Another small van showed up soon after with a couple wanting to sell fresh produce. The woman said she was one of the éclusiers on this stretch and she was off duty. We did buy some tomatoes and zucchini, and off they went.
Mailly-la-Ville
The next run was from Merry sur Yonne to Mailly-la-Ville, again a short cruise in fine weather. We cruised past the place where we had previously moored at Mailly-le-Chateau, when Catherine and Simon were with us, and then into the écluse immediately upstream of the the town moorings.
At Mailly-la-Ville we were able to take advantage once again of the lovely free mooring – three good long pontoons with free power and water.
Several hotel boats passed in both directions while we were there, and we watched La Belle Epoque squeeze under the low bridge without any problem, so we were more comfortable that we would still make it with our repaired bimini which now could not be lowered.
We had a quick look around the town, noting the delightful sculpture in front of the Mairie – perhaps paired with the nymph at the écluse.
There was also a nice park and a lavoir. That evening, we treated ourselves to one of our rare but always pleasant meals in the delightful courtyard of the restaurant, ‘Les Coûtas’.
The following day our aim was to visit L’écluse des dames, a feature we had not come to see while we were moored at Prégilbert (where instead we took in the nearby trout farm). An easy and very pleasant cycle ride along the towpath soon bought us to the écluse. On one side there is a cool children’s activity area with netted climbing routes up through the trees.
On the other, at the old écluse cottage, there is a restaurant, which we took advantage of this time, and enjoyed a meal out for the second day in a row!
Further up the hill behind the restaurant, we found an Impressively well-restored church, Eglise de Notre Dame Prégilbert.

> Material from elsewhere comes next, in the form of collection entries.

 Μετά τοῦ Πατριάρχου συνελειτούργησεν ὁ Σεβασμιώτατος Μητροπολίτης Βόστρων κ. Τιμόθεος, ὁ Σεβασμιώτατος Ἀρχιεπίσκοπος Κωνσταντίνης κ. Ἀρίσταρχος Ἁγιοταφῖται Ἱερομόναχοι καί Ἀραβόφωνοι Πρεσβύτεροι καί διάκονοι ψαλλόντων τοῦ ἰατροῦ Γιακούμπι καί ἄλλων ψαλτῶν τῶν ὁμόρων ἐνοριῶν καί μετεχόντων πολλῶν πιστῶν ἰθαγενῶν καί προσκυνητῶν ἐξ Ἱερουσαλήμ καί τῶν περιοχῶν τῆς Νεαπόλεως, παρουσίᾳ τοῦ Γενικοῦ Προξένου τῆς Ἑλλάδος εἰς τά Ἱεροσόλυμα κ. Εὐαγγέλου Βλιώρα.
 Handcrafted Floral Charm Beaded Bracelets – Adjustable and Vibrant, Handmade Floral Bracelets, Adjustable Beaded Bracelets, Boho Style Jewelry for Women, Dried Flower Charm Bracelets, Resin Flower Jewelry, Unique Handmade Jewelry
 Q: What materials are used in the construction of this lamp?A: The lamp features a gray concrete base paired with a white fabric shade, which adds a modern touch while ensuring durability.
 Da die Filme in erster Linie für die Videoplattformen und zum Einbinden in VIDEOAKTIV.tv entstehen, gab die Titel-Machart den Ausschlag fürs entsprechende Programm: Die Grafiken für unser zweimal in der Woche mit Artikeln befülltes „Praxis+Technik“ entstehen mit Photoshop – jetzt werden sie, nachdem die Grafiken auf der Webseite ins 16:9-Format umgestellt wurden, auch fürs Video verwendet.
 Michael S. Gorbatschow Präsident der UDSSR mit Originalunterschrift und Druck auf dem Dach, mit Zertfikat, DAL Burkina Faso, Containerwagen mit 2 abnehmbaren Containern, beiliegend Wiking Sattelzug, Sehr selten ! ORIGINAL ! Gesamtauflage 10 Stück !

We could get into the cimetière – always my first stop, but not into the church (and some photos on the internet suggest it is ruined inside at present).
On the way back, we had a look at the interesting architecture of the Église Saint-Adrien. Again, couldn’t get inside.
Vincelles
The following morning, we set off again on a six-hour cruise in fine weather ending once again at Vincelles. Mooring just behind La Belle Epoque it wasn’t long before a cruiser showed up with a couple of Kiwis we had met before in Clamecy. The four of us took our glasses of wine, sat on a little stone wall beside the hotel boat, and were treated to the jazz performance that must have been organised for their guests. A lovely way to end the day – with a free concert.
We had the prospect of some more painting – as there usually is – and just enjoying passing the time until the arrival of our next guests in a couple of days.